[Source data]
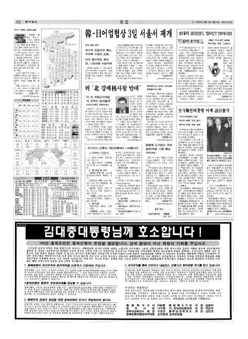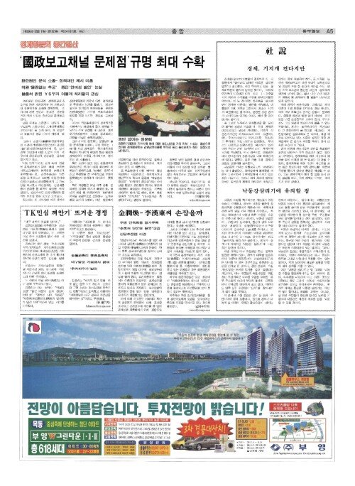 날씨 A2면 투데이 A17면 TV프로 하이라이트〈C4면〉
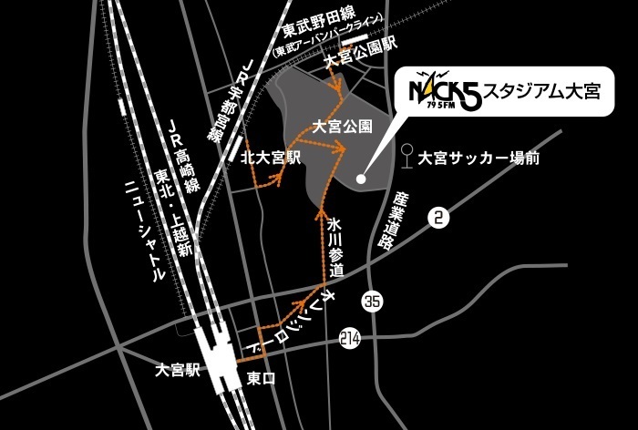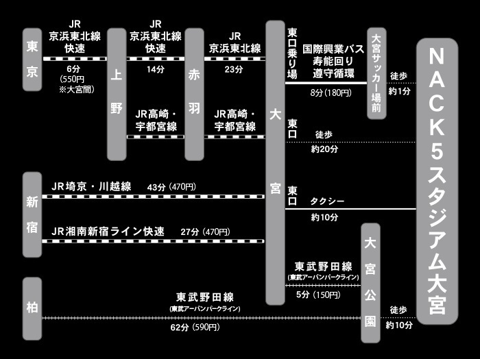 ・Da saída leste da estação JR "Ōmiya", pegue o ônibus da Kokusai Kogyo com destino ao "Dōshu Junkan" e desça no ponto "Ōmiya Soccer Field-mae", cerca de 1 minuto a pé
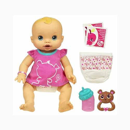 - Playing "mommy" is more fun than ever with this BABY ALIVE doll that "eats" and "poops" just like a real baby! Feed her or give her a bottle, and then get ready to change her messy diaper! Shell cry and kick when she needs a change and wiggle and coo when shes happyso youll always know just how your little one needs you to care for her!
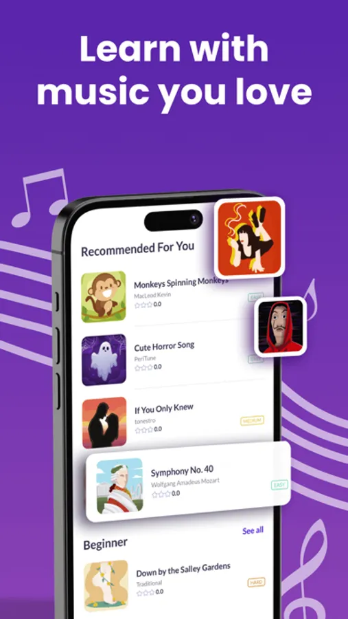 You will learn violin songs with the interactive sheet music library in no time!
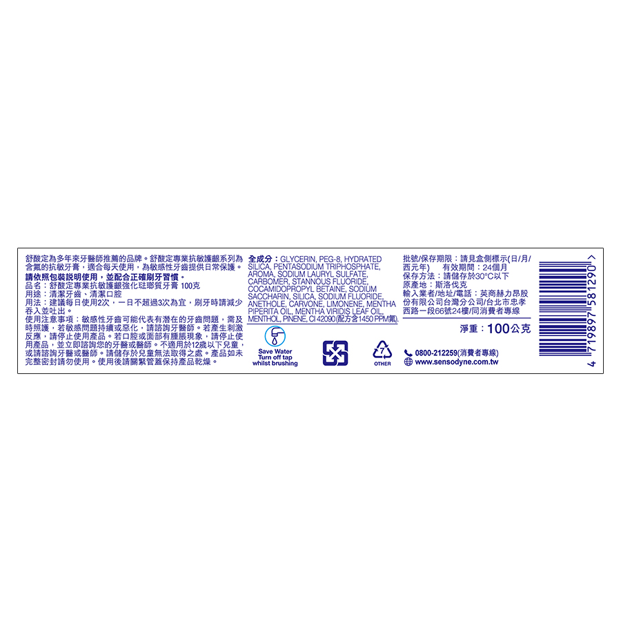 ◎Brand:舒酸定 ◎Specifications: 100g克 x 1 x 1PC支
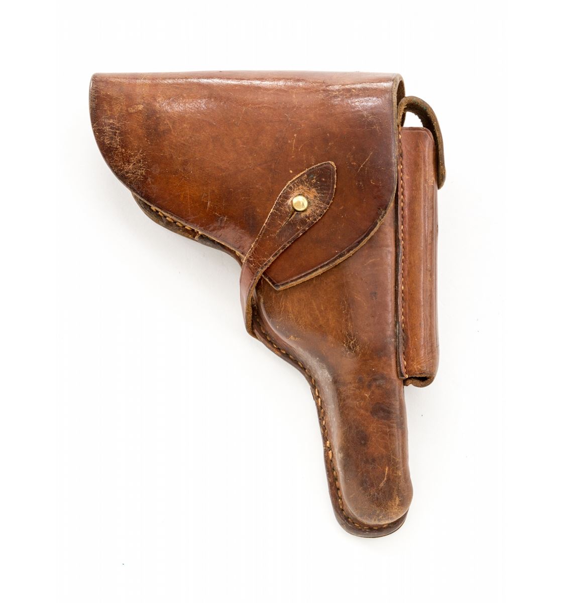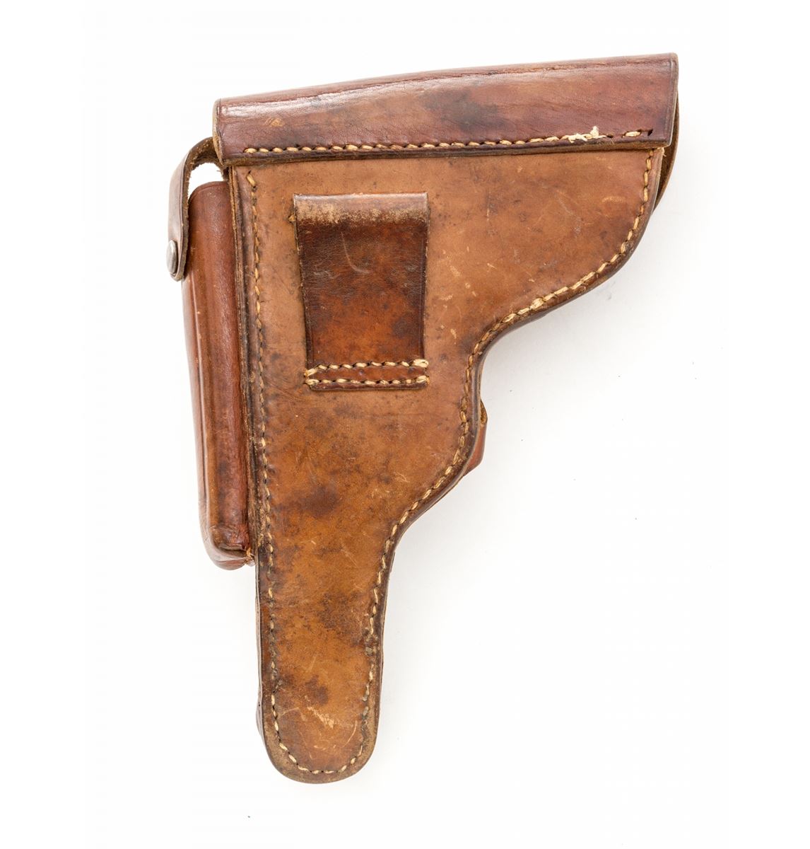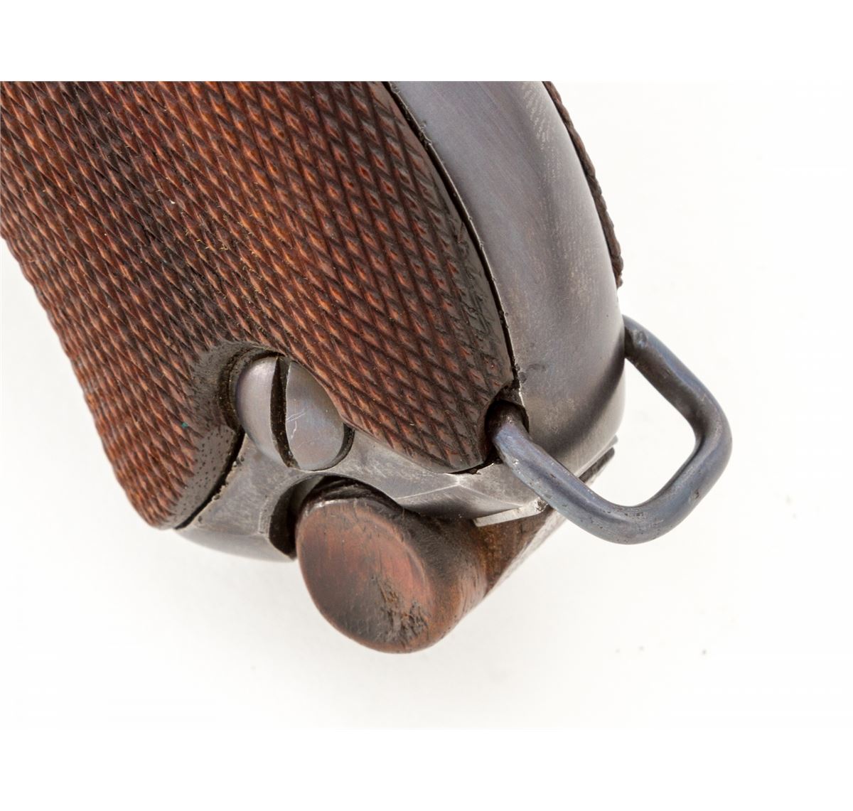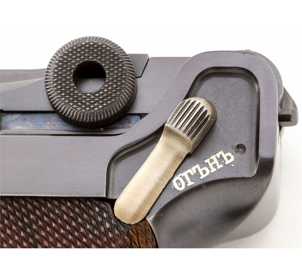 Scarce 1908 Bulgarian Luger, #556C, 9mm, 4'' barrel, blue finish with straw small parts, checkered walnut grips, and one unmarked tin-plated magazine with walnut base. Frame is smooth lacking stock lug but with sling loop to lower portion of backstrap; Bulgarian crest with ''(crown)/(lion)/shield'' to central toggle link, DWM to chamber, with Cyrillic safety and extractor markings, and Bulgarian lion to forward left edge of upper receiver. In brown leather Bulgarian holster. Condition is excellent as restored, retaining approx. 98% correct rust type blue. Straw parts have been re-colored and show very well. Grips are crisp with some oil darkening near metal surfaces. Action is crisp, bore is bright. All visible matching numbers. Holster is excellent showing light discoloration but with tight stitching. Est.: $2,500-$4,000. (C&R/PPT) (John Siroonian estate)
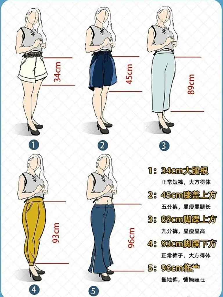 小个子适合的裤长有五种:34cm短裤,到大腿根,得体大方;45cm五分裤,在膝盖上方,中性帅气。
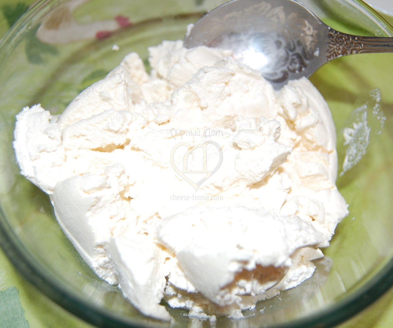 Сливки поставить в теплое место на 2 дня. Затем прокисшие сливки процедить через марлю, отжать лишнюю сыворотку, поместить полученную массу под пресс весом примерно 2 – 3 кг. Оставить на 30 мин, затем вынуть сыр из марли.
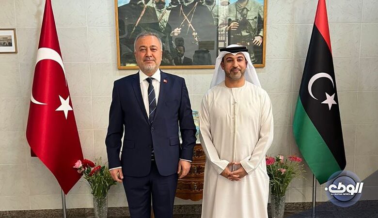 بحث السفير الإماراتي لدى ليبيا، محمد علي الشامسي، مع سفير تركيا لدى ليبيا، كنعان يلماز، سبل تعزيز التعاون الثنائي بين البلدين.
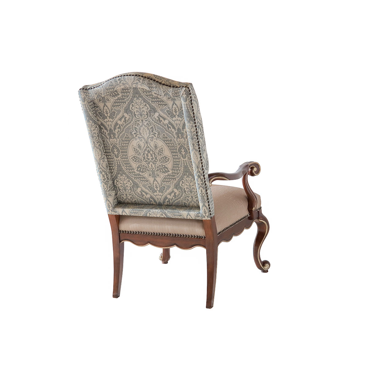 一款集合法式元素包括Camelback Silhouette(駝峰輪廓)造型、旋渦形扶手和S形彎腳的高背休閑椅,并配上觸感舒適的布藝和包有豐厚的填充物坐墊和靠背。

■ **What is expected**: Make an exact copy of the records from their first line through the line containing "minuto a pé", both ends included, with the pictures omitted.

■ **Result of this exercise**:
 날씨 A2면 투데이 A17면 TV프로 하이라이트〈C4면〉
 ・Da saída leste da estação JR "Ōmiya", pegue o ônibus da Kokusai Kogyo com destino ao "Dōshu Junkan" e desça no ponto "Ōmiya Soccer Field-mae", cerca de 1 minuto a pé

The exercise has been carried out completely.